*** Input material ***

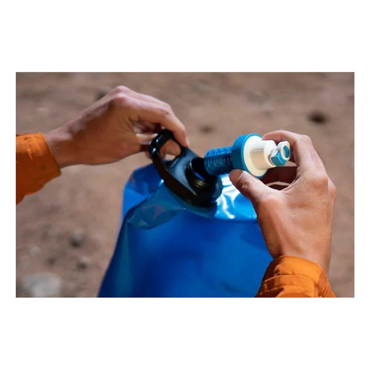 Filtered water can be stored in a separate container, bottle, or hydration bladder (using included quick-connect fittings). The opening of the container, bottle, or bag for filtered water should be as small as possible to prevent dirt from getting in. If the filtered water is not to be used on the same day, use Katadyn
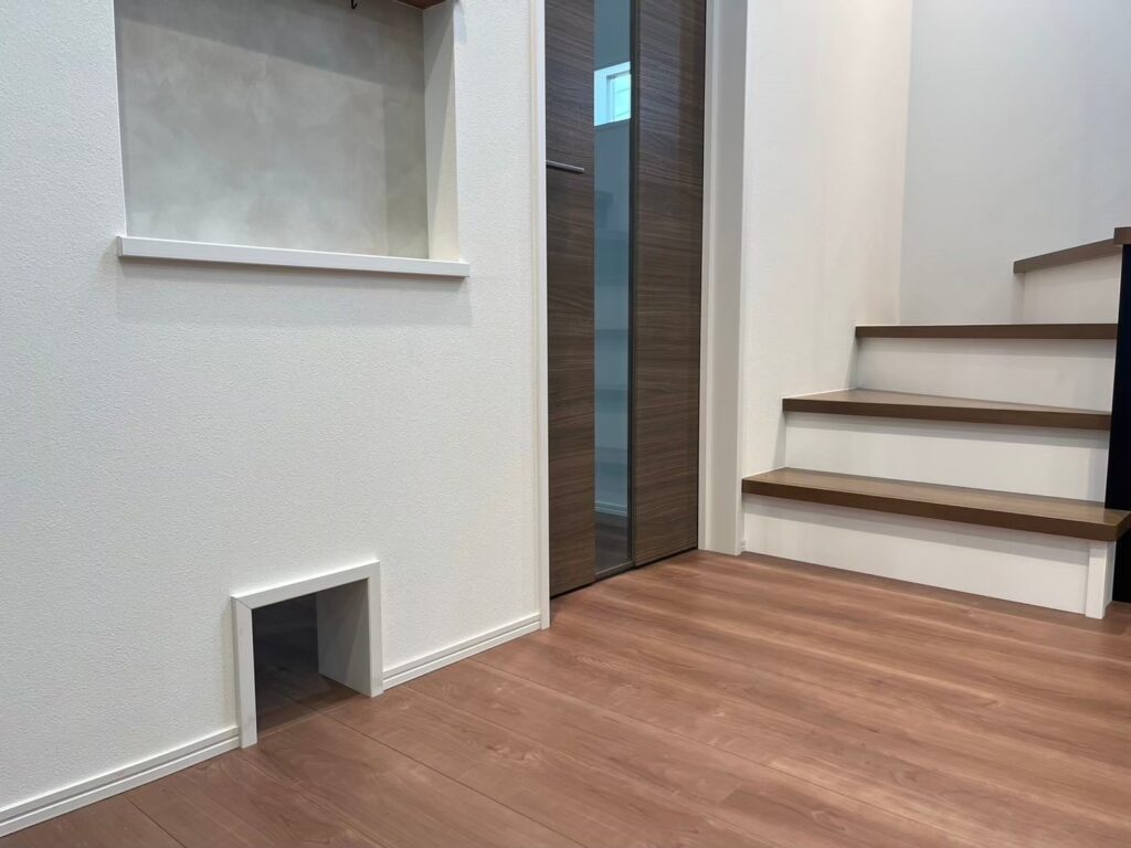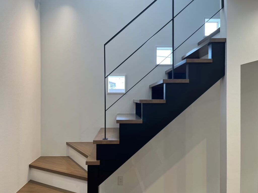 階段にも外の景色を眺められる猫目線の小窓を設置。
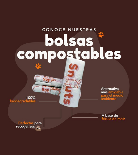 Bolsas 100% compostables para mascotas. Elaboradas con almidón de maíz y aceites vegetales biodegradables. Ideales para recoger los desechos de tus mascotas y ayudar al medio ambiente.
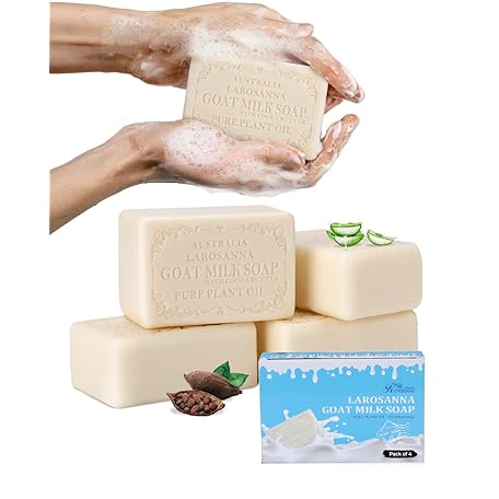 Sản phẩm Australian Goat Milk Soap,Helps Moisturize,Smooth & Cleanse Skin,Triple-milled Bar Soap with Cocoa Butter,Aloe Vera and Pure Plant Oil,Body Soap Bars 6.3 oz for Adults & Babies,Pack of 4 đang được bán với giá ưu đãi là $17.4291 tại nước Mỹ.
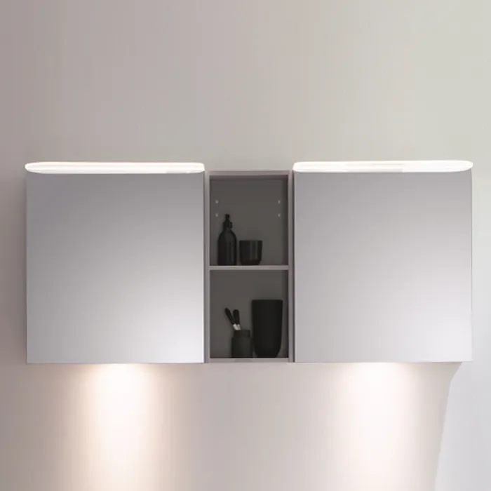 BurgBad Badu Зеркальный шкаф 150х31х66.5см, 2 светильника,2 выкл, 2 зерк двери, стойка с 1 полкой, стекл полки, подсветка мойки, цвет: лен серый. SFUE150K0521
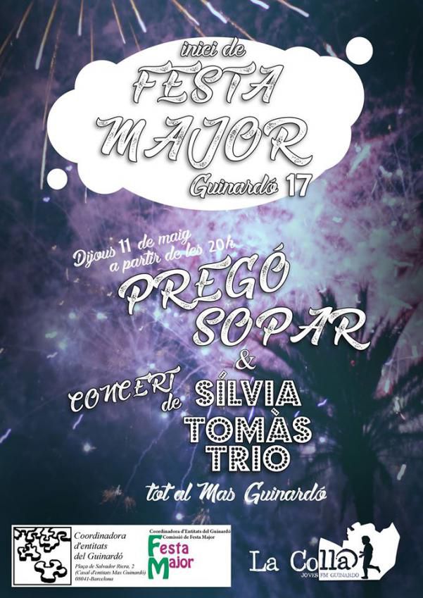 El dijous 11, en format Trio, concert a la Festa Major del Guinardó, al casal d’entitats Mas Guinardó (plaça Salvador Riera, 2), a Barcelona. A les 20h hi ha el pregó de la festa i el sopar, després el concert.
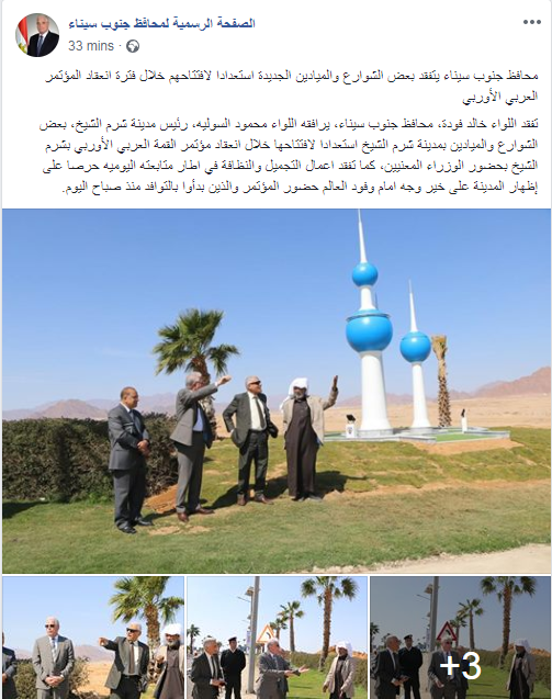 تفقد اللواء خالد فودة، محافظ جنوب سيناء، يرافقه اللواء محمود السوليه، رئيس مدينة شرم الشيخ، بعض الشوارع والميادين بمدينة شرم الشيخ استعدادا لافتتاحها خلال انعقاد مؤتمر القمة العربية الأوروبية بشرم الشيخ، برئاسة الرئيس عبد الفتاح السيسى، ودونالد توسك رئيس المجلس الأوروبى. كما ت
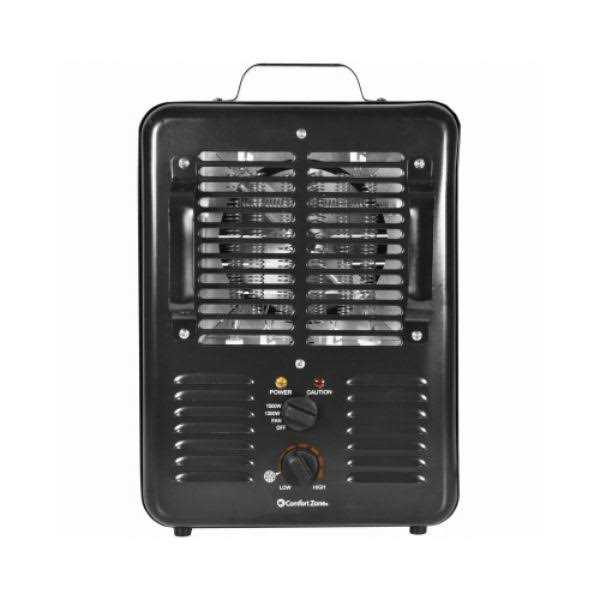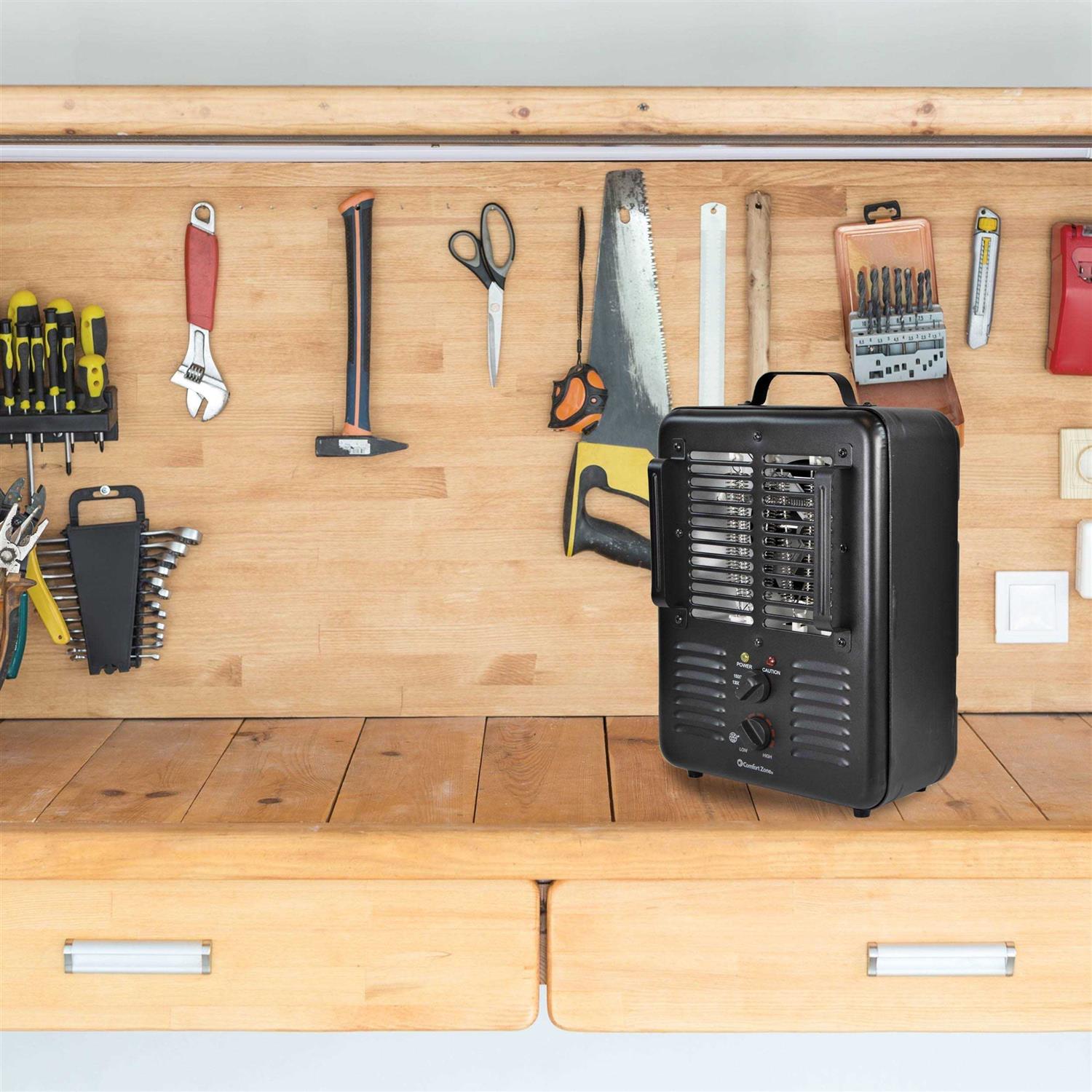 The Comfort Zone Milkhouse Utility Heater can quickly and easily warm up your garage, workshop or other enclosed space. This energy-efficient, compact design can help save you money on your heating bills by providing targeted heating performance where you need it. Its durable all-metal construction makes this compact utility heater a functional and practical addition to any work space. 2 powerful heat settings and a fan-only setting for cooling provide maximum flexibility. The easy-to-use adjustable thermostat makes it easy to find the perfect temperature for your space. The power and caution indicator lights let you know when the heater is operating and when there is cause for concern. The safety overheat protection sensor prevents the heater from getting too hot. The safety tip-over switch instantly cuts power if the heater is accidentally knocked over. The stay-cool metal housing protects users from burns and features an over-sized carry handle for safe and comfortable transport. 2 heat settings, plus fan-only setting Adjustable thermostat Durable metal frame and sturdy carry handle for lasting use Safety tip-over switch, stay-cool body and overheat protection sensor Uses 1500/1300 Watts Model Number: CZ799BK. Age Group: adult.

***

Repeat the data word for word. Skip the pictures.

 Filtered water can be stored in a separate container, bottle, or hydration bladder (using included quick-connect fittings). The opening of the container, bottle, or bag for filtered water should be as small as possible to prevent dirt from getting in. If the filtered water is not to be used on the same day, use Katadyn
 階段にも外の景色を眺められる猫目線の小窓を設置。
 Bolsas 100% compostables para mascotas. Elaboradas con almidón de maíz y aceites vegetales biodegradables. Ideales para recoger los desechos de tus mascotas y ayudar al medio ambiente.
 Sản phẩm Australian Goat Milk Soap,Helps Moisturize,Smooth & Cleanse Skin,Triple-milled Bar Soap with Cocoa Butter,Aloe Vera and Pure Plant Oil,Body Soap Bars 6.3 oz for Adults & Babies,Pack of 4 đang được bán với giá ưu đãi là $17.4291 tại nước Mỹ.
 BurgBad Badu Зеркальный шкаф 150х31х66.5см, 2 светильника,2 выкл, 2 зерк двери, стойка с 1 полкой, стекл полки, подсветка мойки, цвет: лен серый. SFUE150K0521
 El dijous 11, en format Trio, concert a la Festa Major del Guinardó, al casal d’entitats Mas Guinardó (plaça Salvador Riera, 2), a Barcelona. A les 20h hi ha el pregó de la festa i el sopar, després el concert.
 تفقد اللواء خالد فودة، محافظ جنوب سيناء، يرافقه اللواء محمود السوليه، رئيس مدينة شرم الشيخ، بعض الشوارع والميادين بمدينة شرم الشيخ استعدادا لافتتاحها خلال انعقاد مؤتمر القمة العربية الأوروبية بشرم الشيخ، برئاسة الرئيس عبد الفتاح السيسى، ودونالد توسك رئيس المجلس الأوروبى. كما ت
 The Comfort Zone Milkhouse Utility Heater can quickly and easily warm up your garage, workshop or other enclosed space. This energy-efficient, compact design can help save you money on your heating bills by providing targeted heating performance where you need it. Its durable all-metal construction makes this compact utility heater a functional and practical addition to any work space. 2 powerful heat settings and a fan-only setting for cooling provide maximum flexibility. The easy-to-use adjustable thermostat makes it easy to find the perfect temperature for your space. The power and caution indicator lights let you know when the heater is operating and when there is cause for concern. The safety overheat protection sensor prevents the heater from getting too hot. The safety tip-over switch instantly cuts power if the heater is accidentally knocked over. The stay-cool metal housing protects users from burns and features an over-sized carry handle for safe and comfortable transport. 2 heat settings, plus fan-only setting Adjustable thermostat Durable metal frame and sturdy carry handle for lasting use Safety tip-over switch, stay-cool body and overheat protection sensor Uses 1500/1300 Watts Model Number: CZ799BK. Age Group: adult.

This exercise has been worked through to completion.